• [Data provided]:
☆ ☆ ☆ ☆

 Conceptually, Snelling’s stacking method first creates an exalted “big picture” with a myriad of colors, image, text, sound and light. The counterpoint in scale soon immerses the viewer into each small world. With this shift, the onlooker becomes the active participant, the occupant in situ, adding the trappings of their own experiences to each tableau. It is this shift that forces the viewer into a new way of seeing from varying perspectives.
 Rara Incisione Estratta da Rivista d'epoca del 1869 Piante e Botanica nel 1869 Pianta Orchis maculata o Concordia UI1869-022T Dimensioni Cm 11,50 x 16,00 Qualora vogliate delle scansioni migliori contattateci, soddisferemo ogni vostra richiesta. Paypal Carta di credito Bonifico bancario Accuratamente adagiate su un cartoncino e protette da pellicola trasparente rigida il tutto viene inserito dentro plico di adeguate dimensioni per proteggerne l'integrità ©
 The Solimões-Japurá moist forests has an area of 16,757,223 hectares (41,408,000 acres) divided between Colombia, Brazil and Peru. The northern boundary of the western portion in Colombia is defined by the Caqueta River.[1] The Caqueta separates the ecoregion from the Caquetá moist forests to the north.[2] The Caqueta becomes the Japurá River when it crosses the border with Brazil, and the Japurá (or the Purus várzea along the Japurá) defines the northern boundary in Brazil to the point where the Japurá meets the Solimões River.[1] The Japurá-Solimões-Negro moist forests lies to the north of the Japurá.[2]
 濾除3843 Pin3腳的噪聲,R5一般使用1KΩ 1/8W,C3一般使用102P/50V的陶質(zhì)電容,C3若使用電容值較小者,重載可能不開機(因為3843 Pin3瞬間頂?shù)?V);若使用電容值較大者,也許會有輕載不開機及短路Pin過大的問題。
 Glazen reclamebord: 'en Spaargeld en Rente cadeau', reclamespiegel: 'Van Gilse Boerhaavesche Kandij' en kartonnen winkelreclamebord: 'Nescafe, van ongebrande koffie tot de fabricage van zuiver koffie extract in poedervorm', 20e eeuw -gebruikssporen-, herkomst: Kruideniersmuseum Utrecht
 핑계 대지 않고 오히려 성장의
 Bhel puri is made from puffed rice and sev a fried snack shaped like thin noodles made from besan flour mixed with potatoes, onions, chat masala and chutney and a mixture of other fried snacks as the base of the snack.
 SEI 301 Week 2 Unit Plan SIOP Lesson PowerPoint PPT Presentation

☆ ☆ ☆ ☆

• [Requirement]: Return exactly, and only, the lines from the start of the listing through the line with "Rara Incisione Estratta".

• [Solution]:
 Conceptually, Snelling’s stacking method first creates an exalted “big picture” with a myriad of colors, image, text, sound and light. The counterpoint in scale soon immerses the viewer into each small world. With this shift, the onlooker becomes the active participant, the occupant in situ, adding the trappings of their own experiences to each tableau. It is this shift that forces the viewer into a new way of seeing from varying perspectives.
 Rara Incisione Estratta da Rivista d'epoca del 1869 Piante e Botanica nel 1869 Pianta Orchis maculata o Concordia UI1869-022T Dimensioni Cm 11,50 x 16,00 Qualora vogliate delle scansioni migliori contattateci, soddisferemo ogni vostra richiesta. Paypal Carta di credito Bonifico bancario Accuratamente adagiate su un cartoncino e protette da pellicola trasparente rigida il tutto viene inserito dentro plico di adeguate dimensioni per proteggerne l'integrità ©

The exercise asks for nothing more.